<architecture> A sequence of functional units ("stages") which performs a task in several steps, like an assembly line in a factory. Each functional unit takes inputs and produces outputs which are stored in its output buffer. One stage's output buffer is the next stage's input buffer. This arrangement allows all the stages to work in parallel thus giving greater throughput than if each input had to pass through the whole pipeline before the next input could enter.
The costs are greater latency and complexity due to the need to synchronise the stages in some way so that different inputs do not interfere. The pipeline will only work at full efficiency if it can be filled and emptied at the same rate that it can process.
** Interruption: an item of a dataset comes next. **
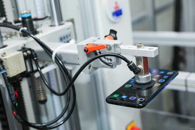 举个简单的例子:为提升充电口抗腐蚀性,vivo要求在充电口滴入汗液后进行近6000次的插拔试验,不允许有充电失效,这就是严苛的质量标准。在人体坐压环境测试中,自动化设备将30KG的重力对手机做1000次施压;在对机身进行扭动测试时,像拧麻花一般对手机机身上下端施加300次一个扭矩单位的力;经过这些“严刑”后,在200倍(极端测试2000倍)显微镜下审视主板和芯片没有裂纹才可以通过。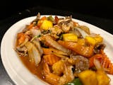Spicy. Chicken, beef, shrimp, fresh mango, carrots, tomato, onion, scallion, and bell pepper. Serving with side jasmine rice.

Pipelines may be synchronous or asynchronous. A synchronous pipeline has a master clock and each stage must complete its work within one cycle. The minimum clock period is thus determined by the slowest stage. An asynchronous pipeline requires handshaking between stages so that a new output is not written to the interstage buffer before the previous one has been used.
Many CPUs are arranged as one or more pipelines, with different stages performing tasks such as fetch instruction, decode instruction, fetch arguments, arithmetic operations, store results. For maximum performance, these rely on a continuous stream of instructions fetched from sequential locations in memory. Pipelining is often combined with instruction prefetch in an attempt to keep the pipeline busy.
When a branch is taken, the contents of early stages will contain instructions from locations after the branch which should not be executed. The pipeline then has to be flushed and reloaded. This is known as a pipeline break.